What’s in a lie? Choice difficulty and expected value of control as established dACC correlates
To me, it all comes down to the question here: Do we need to assume a specific contribution of the dACC to lying as a unique mental process? Or could we perhaps explain the results only by referring to the general involvement of dACC in the recruitment of additional cognitive control when choices are difficult (Shenhav et al., 2014)? To answer this question, we would need to model choice difficulty in addition to the response cost of lying and one might succeed to disentangle the two with a clever design of questions. At the same time, this illustrates the limitation of the simple RT cost measure of lying for dichotomous autobiographical questions. Certainly, if there was one important take-home from the recent #cingulategate (“the dACC is selective for pain”; Lieberman & Eisenberger, 2015), I feel it is that selectivity or specificity of the dACC for one particular domain is virtually impossible to establish. Whereas Pishnamazi et al. are wise not to make such far-reaching claims, I think it would be more parsimonious to assume that the lying RT correlate is just one instance of a more general process until proven otherwise. Thus, it is definitely too early to call out the dACC as the deceptive part of the cingulate.

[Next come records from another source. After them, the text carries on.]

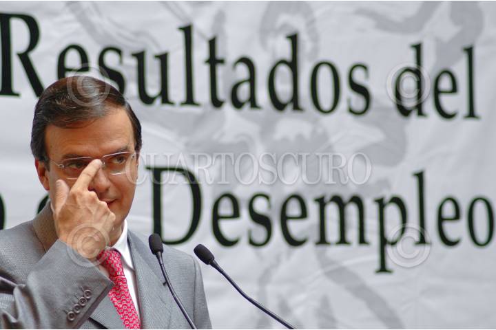 MÉXICO, D.F., 15MAYO2009.- Marcelo Ebrad jefe de gobierno capitalino quien informo que según las últimas cifras del INEGI, hasta marzo de este 2009, la tasa de desempleo abierta en la capital del país se ubicó en 5.6%, muy por debajo del porcentaje que se tenía para el mismo periodo del año anterior, cuando el desempleo abierto era de 6.4 por ciento, esto durante la entrega de apoyos económicos del programa de seguro de desempleo. FOTO: RICARDO CASTELAN/CUARTOSCURO.COM
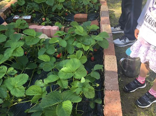 昨秋保護者の方からいただいたイチゴの苗が実をつけはじめました。いちごは強いと聞いていたので、たいした手入れもしなかったのですが、大きく実をつけ始めています。勉強不足だったのですが、かじられたような実があり、保護者の方から「鳥が来てつつくよ、網をした方がいい」と教えてくださったので、鳥対策に早速網をはりました。園児さんたちは実を触れなくなったので、少し寂しそうでした。明日はイチゴの苗をいただいたご家庭のご厚意で年長・年中さんでいちご狩りに行って来ます。
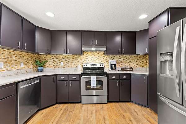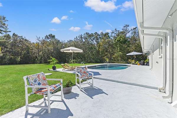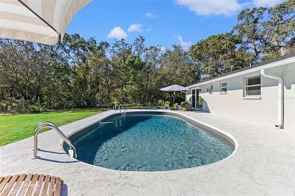 Outside, your backyard oasis is complete with a BRAND NEW stamped concrete lanai surrounding a SPARKLING POOL (That you just have to see!)--the perfect spot for enjoying Florida's sunny weather in privacy.
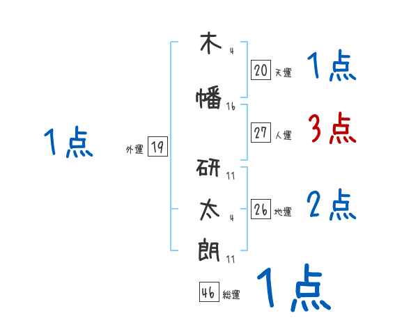 木幡研太朗さんの画数の鑑定結果
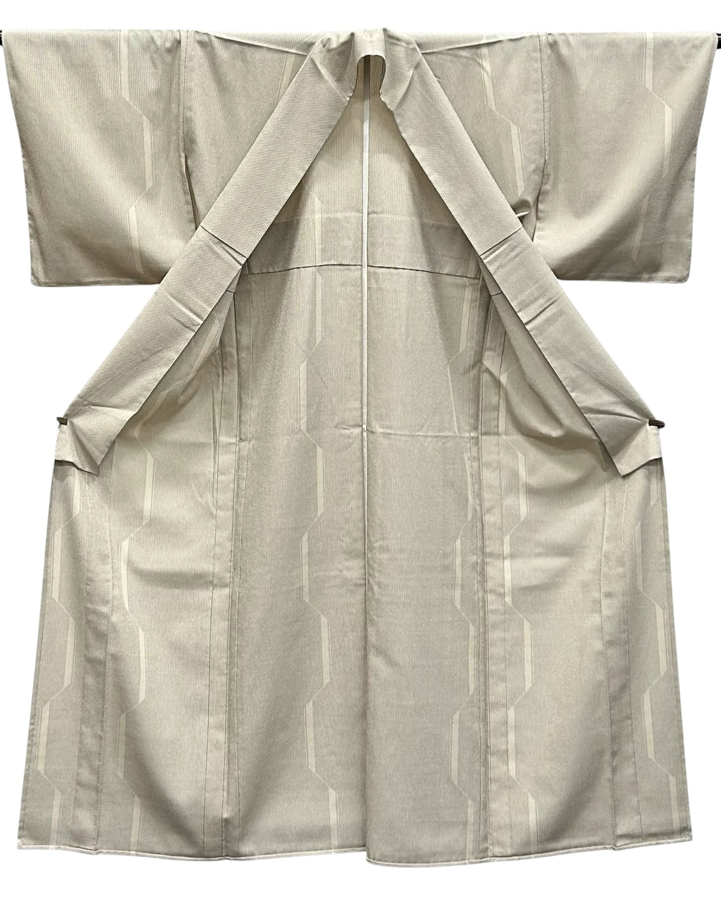 単衣 本塩沢 砂色と黒の縦縞 砥粉色のお洒落な幾何学模様 裄丈 66.5㎝ K5302
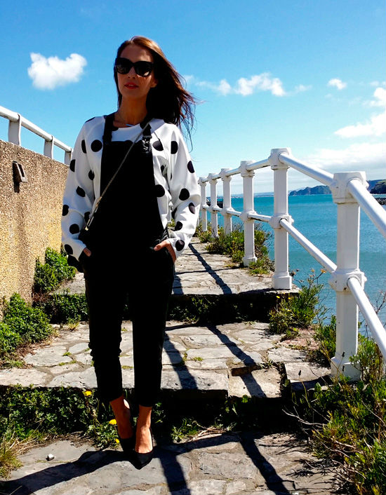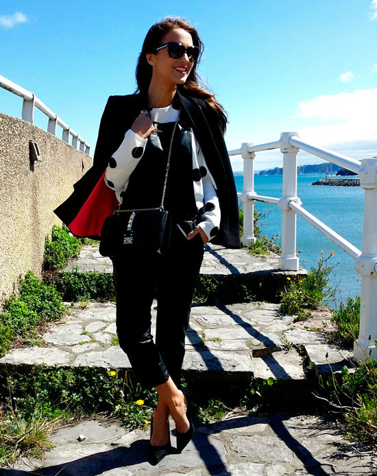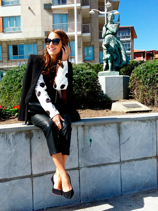 La asturiana prefiere combinar su peto negro de polipiel (otro de los must have que no puede faltar en tu armario) con una sudadera de polka dots en versión XL. Los zapatos de tacón y la blazer aportan ese toque chic y sofisticado que crea un contraste único y perfecto.
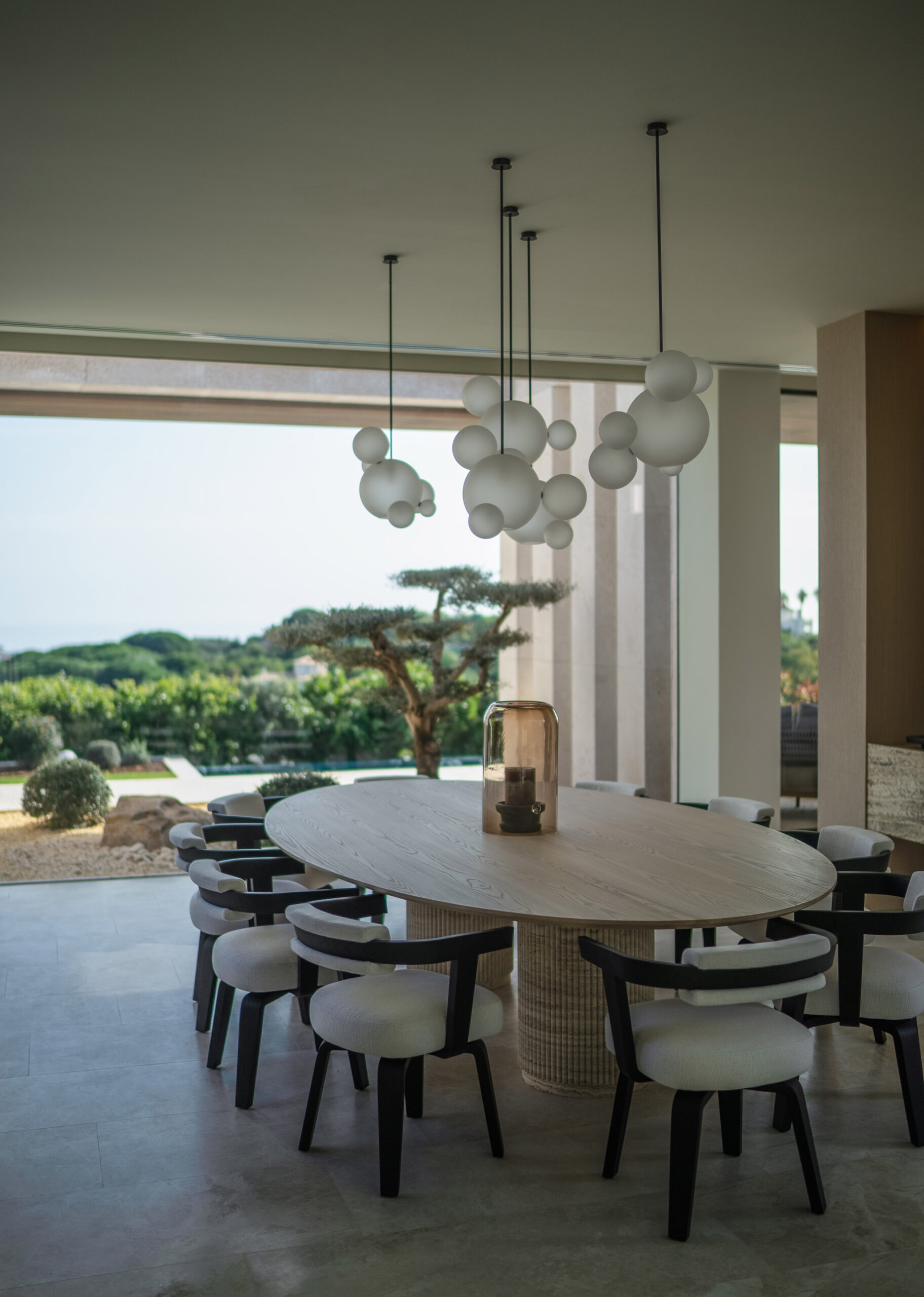 In the TV room, the Cleo sofa by Vincent Van Duysen invites moments of leisure, while the home office is outfitted with the Barbican chair, Piccadilly chair and stool by Rodolfo Dordoni, and the Graduate bookcase by Jean Nouvel, ensuring a workspace that is both functional and stylish. The villa’s spa area continues the theme of relaxation, featuring the Sway outdoor sofa by Yabu Pushelberg and the Greenpoint outdoor chair by Vincent Van Duysen.
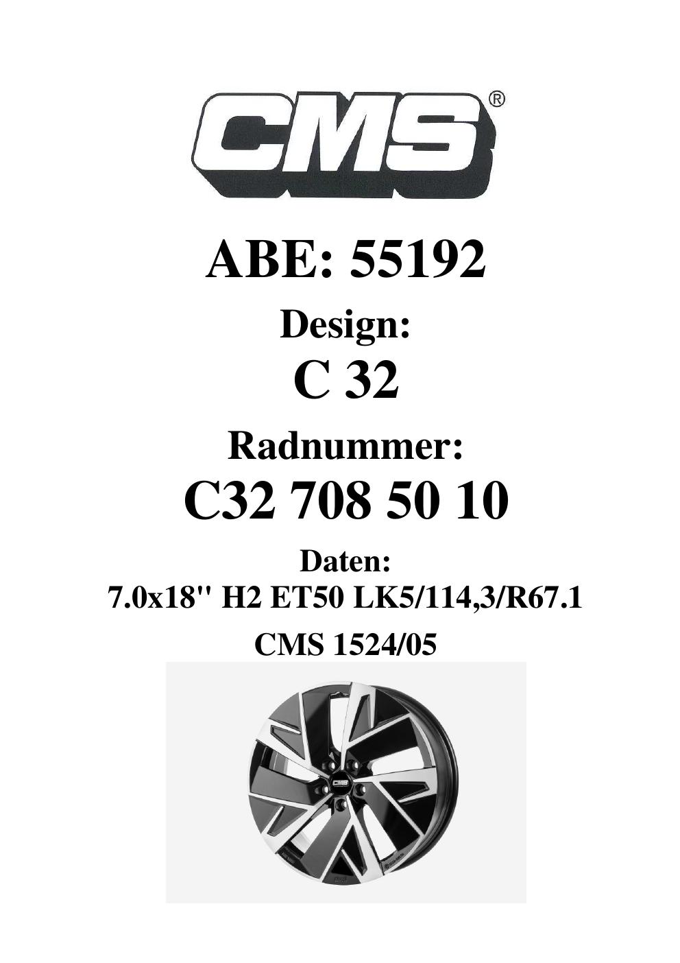 Dieses Gutachten (ABE) bezieht sich auf die Alufelge CMS C32 in der Ausführung 7Jx18 ET 0, Mittenloch 0 mm (KBA 55192). Im PDF findest du typischerweise zulässige Reifengrößen, Auflagen/Anbauhinweise und – je nach Dokument – Hinweise zur Eintragung.

Taken together, Pishnamazi et al. uploaded a good solid paper that raises several interesting questions for follow-up studies. I like that it is very clear and to the point. Also, I second the call to take RTs and RT differences better into account in future fMRI studies. If I was reviewer #2, I would have a few more concerns though. First, the sample is quite small, especially if one goal was to test for inter-individual differences in RT and their brain response correlates. Second, I wonder why the trial-based RTs were not used for analyses at the first level. Wouldn’t we expect RTs to be informative within a given subject as well? Third, why were the questions repeated so many times? Couldn’t one use just a bigger set of questions to avoid repetitions? What is the effect of repeatedly lying about the same question on the brain response and the RT difference? Does it decrease because the discrepancy between the truth and the lie decreases with each repetition of a lie? Fourth, why did Pishnamazi et al. decide to use a rather low cluster-forming threshold, which has been shown to be prone to false positives? Would similar conclusions be obtained with a more conservative first-pass threshold?
I guess in the end, there is definitely some truth in the idea that the dACC is involved in deception. Either it is directly involved in lying blatantly, or it masquerades in a way that it seems as if it is truly involved in lying. That would be quite a smart move, I must say. Until we know for sure, you better watch out. Never trust a dACC response in the meantime.